Despite this, the Vols changed the team and went on a winning streak as a result. On June 20 in an 8–0 win over Montgomery, Butler hit a then-rare, outside-the-park home run.

==== July ====

===== Seventeen inning contest =====
The seventeen-inning game on July 9 against Mobile was declared a tie. Both pitchers received praise, and Hamilton Love wrote Perdue "has done more than any one man to hold up the team."

==== August ====
===== Carl Sitton's debut =====
On August 7, Southern Association rookie Sitton debuted against the Crackers, winning a close game 2–1 and striking out eight.

==== September ====

===== Hub Perdue's doubleheader =====
On September 3, Hub Perdue pitched a shutout until the final inning, when he let a run across. He then insisted on pitching the second game of a doubleheader, and pitched a shut-out win.
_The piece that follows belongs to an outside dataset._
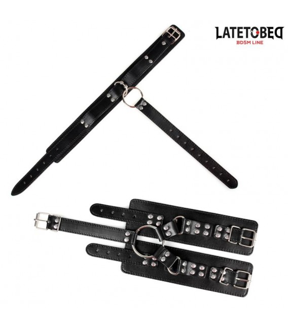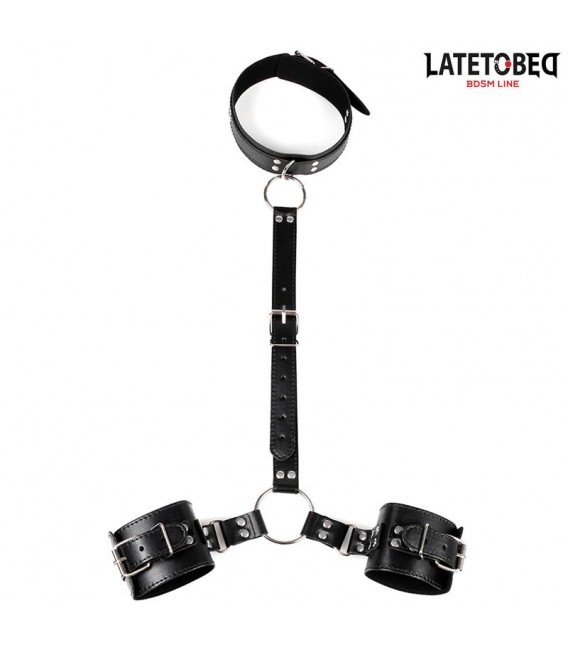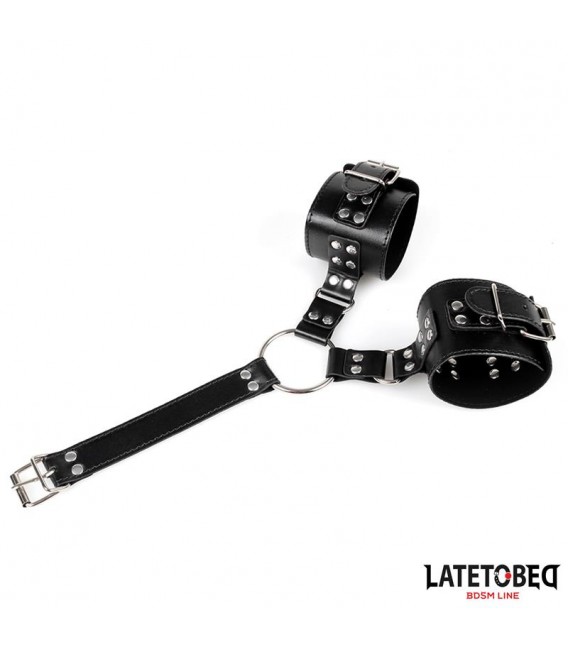 Disfruta siendo el/la que manda o el sumiso/a con estas restricciones que cuentan con un collar ajustable con hebilla unido con una tira, también ajustable con hebilla, y a unas esposas para las muñecas unidas entre sí. Es perfecto para que tu sumiso/a no pueda mover las manos y tu tengas el poder.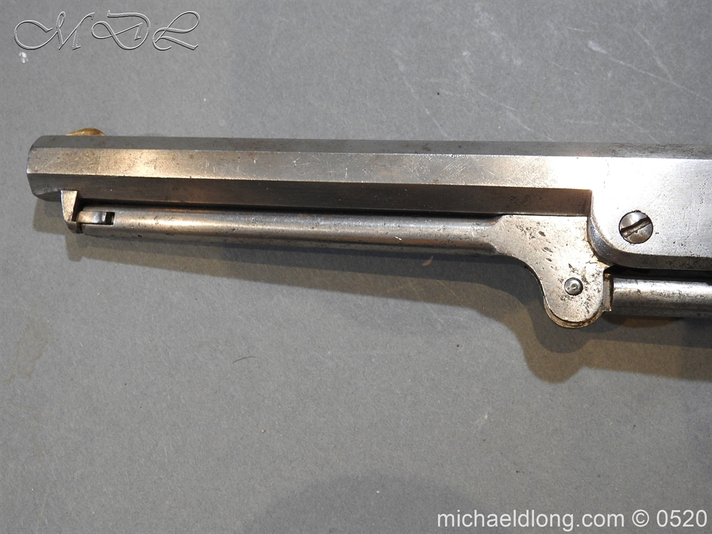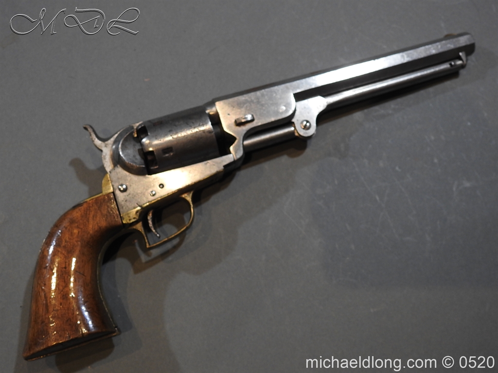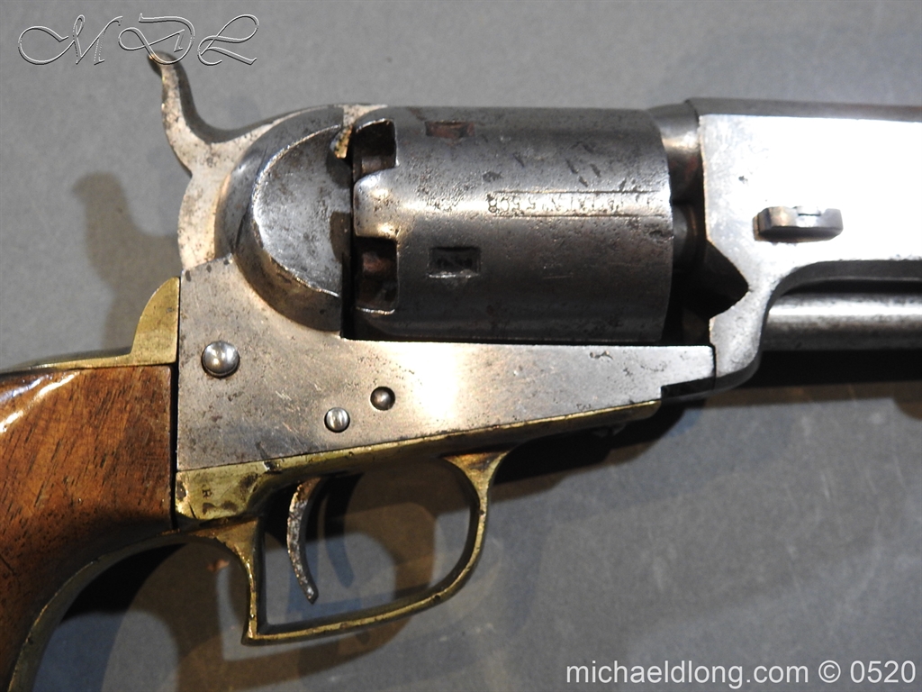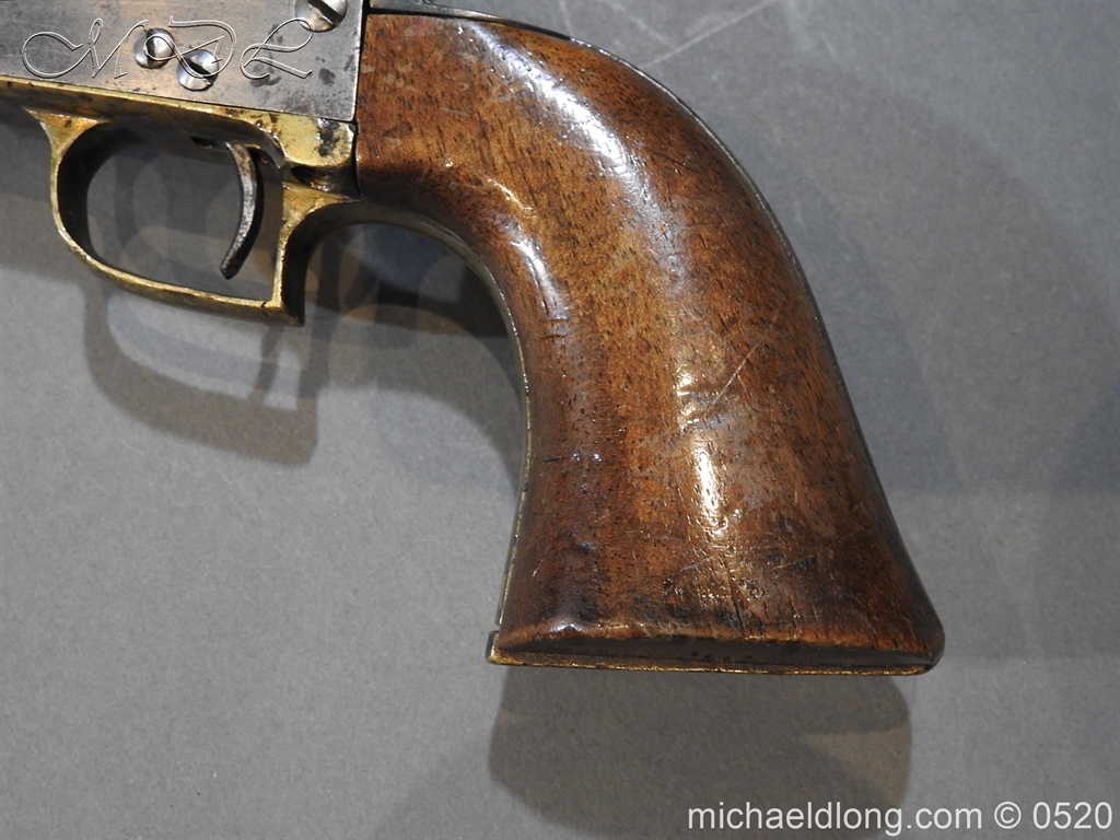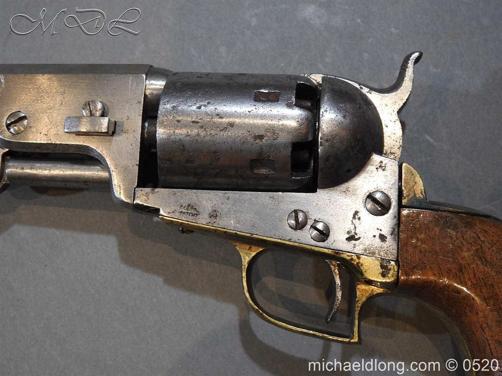 Colt Model 1851 Navy percussion revolver with desirable square back trigger guard, .36 cal., 7-1/2” octagon barrel, wood grips, serial number 3228 This gun is in overall good condition showing a grey patina on metal surfaces with scattered areas of erosion, cylinder shows Colt Pat No 5508 action in good working order

===== John Duggan's no-hitter =====
On September 10, Nashville's John Duggan pitched a no-hitter, the second in team history, against the Little Rock Travelers at Sulphur Dell. Only two Little Rock batters reached base, one via walk and another on a fielding error. Nashville's Pryor McElveen, who had earlier misplayed the ball at third, drove in Doc Wiseman in the sixth inning for the only run of the game, a 1–0 win.

===== Last game vs. New Orleans =====
According to one account, "By one run, by one point, Nashville has won the Southern League pennant, nosing New Orleans out literally by an eyelash. Saturday's game, which was the deciding one, between Nashville and New Orleans was the greatest exhibition of the national game ever seen in the south and the finish in the league race probably sets a record in baseball history".

Carl Sitton's spitball defeated Ted Breitenstein 1–0 in the "Greatest Game". Sitton pitched a complete-game, nine-strikeout, four-hit, shutout.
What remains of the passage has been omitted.